Я не понимаю.
Дышать становится трудно.
Я оборачиваюсь через плечо, чтобы убедиться: никто не видит. Мы творим что-то неправильное, преступное, запретное. Мои пальцы переплетаются с его, крепко сжимая, и я прикрываю глаза от удовольствия. Тягучий жар тут же заполняет низ живота. Словно мы снова стоим посреди гостиной тайного дома в лесу и не было всех этих месяцев.
— Что же ты творишь? — шепчу на грани слышимости.
— Я так тебя ждал, — опаляет ухо.
Миша плавным движением перемещается мне за спину, застывает, не касаясь телом, но я все равно ощущаю его тепло. Наши руки все еще сжимают друг друга, его большой палец неустанно гладит мое запястье, причиняя удовольствие, граничащее с болью.

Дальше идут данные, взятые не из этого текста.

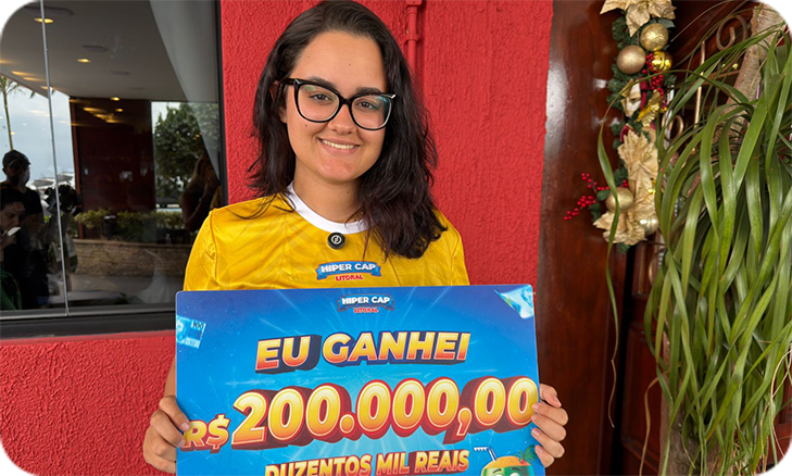 A estudante de Direito Julia Z. A., de 20 anos, moradora do Guarujá, está vivendo um momento daqueles que parecem ter saído de um filme. Ela comprou o Hiper Cap Litoral pela primeira vez e foi contemplada com 200 mil reais, no dia 7 de dezembro. A sortuda conta que jamais imaginou que um dia seria premiada com um prêmio desses.

Неправильно. Правильно. Безумно.
Меня ведет, как под алкоголем. Голова кружится, а кожа горит в желании, нет, потребности, касаться этого мужчины. Как глупо я полагала, что все прошло. Почему я верила, что так может быть с любым?
— Пойдем, — Миша отступает на шаг, тянет мою руку за собой, а потом выпускает.
Я снова окидываю взглядом людей, никто, даже Маша, не обращает внимание на нашу странную парочку. Адреналин от опасности быть застуканными бьет по нервам, растекается огнем по венам. Неправильно. Так неправильно. Я шагаю за мужчиной, который выпустил мою руку, но все еще словно держит, ведет. Мы выходим в безлюдный коридор. Гардеробная, которой поздней весной не пользуются.
Музыка из игрового зала здесь почти не слышна. Значит и нас не услышат. Миша проходит на несколько шагов вперед и останавливается ко мне спиной. Я вижу напряженные плечи под очередным неудачным свитером и замечаю, как часто вздымается моя собственная грудь.
Опасно.
Неразумно.
Зачем я пошла?
— Марина, — он оборачивается и тут же цепляет мой взгляд своим.
В его столько чувств. Я не знаю, что он видит в моем, но тут же сокращает ненужное расстояние и оказывается передо мной. Поднимает любимую шершавую ладонь и проводит ей по моему лбу, в месте, где остался едва заметный шрам от удара. Он уже давно выцвел и превратился в тонкую белую полоску над бровью, но сейчас я ощущаю фантомную пульсирующую боль там, где жесткая подушечка большого пальца поглаживает.
— Ты уже поняла? — хрипло спрашивает Миша.
— Что? — выдыхаю я, купаясь в ощущениях настолько острых, что дыхание спирает.
— Наша первая встреча, помнишь?
— В больнице?
Он качает головой.
— Я рассказывал, вспомни, — приближает ко мне лицо, ныряет пальцами в волосы и прижимается к моей щеке. Господи, как хорошо. — Метро, я шел за тобой, а потом ты сбила меня с ног. Кафе, история про бабушку и горячий шоколад, — урчит мне на ухо.
Мое сердце екает. Та самая история. Я помню, да. Это и моя история тоже.
Я впиваюсь пальцами в его крепкие плечи и выпускаю тихий стон.
— Ты встретил меня. Это была я.
— Да, — хриплый смех опаляет ушную раковину. — Я только что понял. Это всегда была ты, понимаешь?
— Нет, — качаю головой. — Что это значит?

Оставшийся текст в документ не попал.